Bumannsburg und Römerpark appellieren zum Tag des offenen Denkmals: Augen auf und Rücksicht nehmen!
Sie kam mit einem schicken neuen Mountainbike zur Führung. Ludwika Gulka-Höll würde als Museumsmitarbeiterin aber niemals damit über die Wälle der Bumannsburg fahren und springen. „Genau das ist unser Problem mit diesem Bodendenkmal“, sagte sie zum Auftakt der ersten Führung an den Resten der mittelalterlichen Burg am Tag des offenen Denkmals. „Es sind aktuell gerade die Mountainbiker, die hier vieles von den wenigen noch sichtbaren Spuren zerstören.“
Auch dafür wollten die beiden Führungen am Sonntag sensibilisieren. Sowohl die Bumannsburg als auch die sichtbaren Resten des Römerlagers in Oberaden können nur erhalten bleiben, wenn alle sorgsam damit umgehen. Beide sind echte Schätze, die viel über das Leben unserer Vorfahren verraten. Man muss nur genauer hinschauen.
Das tat zunächst Ludwika Gulka-Höll an der noch neuen Beschilderung der Bumannsburg, unterstützt mit Tablet und digitalen Karten. Was sich genau im 8. und 9, später dann auch im 13. Jahrhundert unweit der Lippe abspielte, kann niemand mehr genau rekonstruieren. Ob hier ein Adliger wohnte, vielleicht sogar ein Ritter, oder ob das Ensemble aus Motte (Turm), Wirtschaftsgebäuden und mächtigen Schutzwällen als Fliehburg vor benachbartem Feindesland, gar auf Initiative von Karl dem Großen errichtet wurde, bleibt Spekulation. Die wenigen Ausgrabungen werfen immer neue Fragen auf.
Keramikfunde zeigen Besiedlung bereits in der vorrömischen Eisenzeit. Laseruntersuchungen brachten eine Holzkonstruktion als Fundament zutage. Lippearme zogen sich noch bis Anfang des 20. Jahrhunderts dicht an dem Bauwerk vorbei. Am meisten staunten die Teilnehmer über die noch sichtbaren sogenannten Wölbäcker. Viele kleine Wälle, die für die landwirtschaftliche Nutzung dienten und offenbar die wankelmütigen Niederschläge besser nutzen konnten. Die Gäste hatten unzählige Fragen. Wie Archäologen all das sehen können, was sie selbst nie erkennen könnten. Warum hier nicht einfach einmal alles komplett ausgegraben wird. Welche Pläne für die touristische Nutzung die Stadt haben könnte. Fest steht: Das Interesse an der Burg ist immens. Viele wünschten sich, dass die Informationen noch umfangreicher und besser vermittelt werden.
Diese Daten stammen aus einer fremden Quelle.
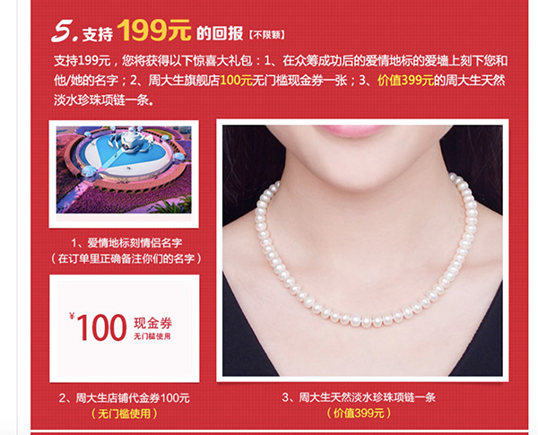 原標(biāo)題:周大生回應(yīng)眾籌建造“愛(ài)情地標(biāo)”三年無(wú)果:預(yù)計(jì)下半年建成 周大生于2015年2月開(kāi)展的眾籌建設(shè)“愛(ài)情地標(biāo)”項(xiàng)目,共籌集357多萬(wàn)元。 近日,安徽合肥的消費(fèi)者陸先生在澎湃質(zhì)量報(bào)告投訴平臺(tái)(https://www.thepaper.cn/consumersComplaint.jsp)反映,其于2015年2月參與了由珠寶品牌“周大生”發(fā)起的“以愛(ài)之名,眾籌全球愛(ài)情地標(biāo)”項(xiàng)目,周大生在眾籌成功并募集到357萬(wàn)多元的資金后,其承諾2015年下半年建成并鐫刻眾籌者及愛(ài)侶姓名的所謂“愛(ài)情地標(biāo)”,但一直未建成,三年來(lái)此事沒(méi)有下文。 對(duì)此,5月24日晚,周大生珠寶股份有限公司相關(guān)人士對(duì)此向澎湃新聞(www.thepaper.cn)回應(yīng)稱,該項(xiàng)目此前在圖紙?jiān)O(shè)計(jì)及施工等環(huán)節(jié)遭遇障礙,目前項(xiàng)目已在施工準(zhǔn)備階段,預(yù)計(jì)今年下半年可建成,相關(guān)情況將向客戶公示。 支持了199元的陸先生按照規(guī)則可在建成的“愛(ài)情地標(biāo)”上刻上自己和妻子的名字。 據(jù)該眾籌項(xiàng)目活動(dòng)網(wǎng)頁(yè)顯示,上述眾籌項(xiàng)目是由知名珠寶品牌周大生發(fā)起,聯(lián)合海南三亞玫瑰谷、北京大地風(fēng)景建筑公司及淘寶眾籌開(kāi)展,項(xiàng)目將使用眾籌來(lái)的資金,在海南三亞玫瑰谷建設(shè)一座名為“愛(ài)情地標(biāo)”的建筑,建筑包含占地面積達(dá)600平方米的所謂“世界最大愛(ài)墻”、門樓、水面等設(shè)施。 參與眾籌的消費(fèi)者,可選擇從1元到9999元的13個(gè)不同金額支持該項(xiàng)目,消費(fèi)者在獲得周大生的禮品之外,其中支持99元及以上的消費(fèi)者還可在建成后的“愛(ài)情地標(biāo)”的愛(ài)墻上刻下自己和愛(ài)侶的姓名。 據(jù)活動(dòng)網(wǎng)頁(yè)內(nèi)容顯示,該項(xiàng)目已在2015年3月13日結(jié)束,共有273720人參與眾籌,籌得資金3578378元,主辦方計(jì)劃在2015年8月20日七夕節(jié)建成“愛(ài)情地標(biāo)”。 活動(dòng)曾承諾在2015年8月即可建成“愛(ài)情地標(biāo)”但至今無(wú)下文。 “當(dāng)時(shí)就相信了交錢了,說(shuō)2015年下半年就可以建成的,但是一直不了了之,雖然收到了禮品,但是大家期待的‘愛(ài)情地標(biāo)’卻沒(méi)有動(dòng)靜,后來(lái)我也和周大生多次聯(lián)系過(guò),他們說(shuō)土地報(bào)批的問(wèn)題導(dǎo)致項(xiàng)目延期。”陸先生對(duì)澎湃新聞?wù)f,雖然自己只是交了199元,但是此事應(yīng)給眾多活動(dòng)參與者一個(gè)交代。 對(duì)此,周大生相關(guān)人士回應(yīng)澎湃新聞?wù)f,目前已有專人對(duì)接此事,此前遇到的一些障礙已經(jīng)解決,“今年下半年會(huì)建設(shè)完畢。這個(gè)過(guò)程比較曲折,之前沒(méi)有處理好,目前已多次溝通解決了問(wèn)題。”

Die Rekonstruktion der Holz-Erde-Mauer war auch im Römerpark in Oberaden nur der Startpunkt für genaueres Hinsehen. Museumsleiter Mark Schrader zeigte auf alten Fotos, was längst nicht mehr zu sehen ist. Dass beispielsweise der heute üppige Wald auf der Fläche des einstigen Lagers verhältnismäßig jung ist und erst vom Bergbau neu angepflanzt wurde. Dass die ersten Ausgrabungen um 1900 zwar außergewöhnlich umfangreich waren, aber auch nicht besonders wissenschaftlich. Hier ging es vor allem darum, die Museumsvitrinen zu füllen. Für Otto Prein, den ersten Initiator, stand die Suche nach Aliso, dem sagenhaften Kastell in Verbindung mit der nicht weniger sagenhaften Varusschlacht an erster Stelle.
Spannend sind auch die neueren Recherchen. Mit Hilfe von Mathematikern hat das Museumsteam die 56 Hektar große Fläche genauer unter die Lupe genommen und festgestellt: Hier wären mehr Legionen untergekommen als bisher auf Basis der uralten Historiker-Berechnungen angenommen wurde. Rund 20.000 Soldaten hätten hier Platz gefunden. Die Legionen waren höchstwahrscheinlich kleiner und in der Größe schwankender, als die älteren Forschungen postulieren. Das Oberadener Römerlager ist jedenfalls nicht nur das größte nördlich der Alpen, sondern auch das zweitälteste erforschte. Und hier hat sich in wenigen Jahren von 11 bis 8/7 v. Chr. Wichtiges abgespielt rund um die römischen Eroberungszüge unter Drusus gegen die Sugambrer. Die Mauerreste sind im Gelände noch als sanfte Hügel zu sehen. Auch hier ist genaues Hinsehen gefragt – und Rücksichtnahme.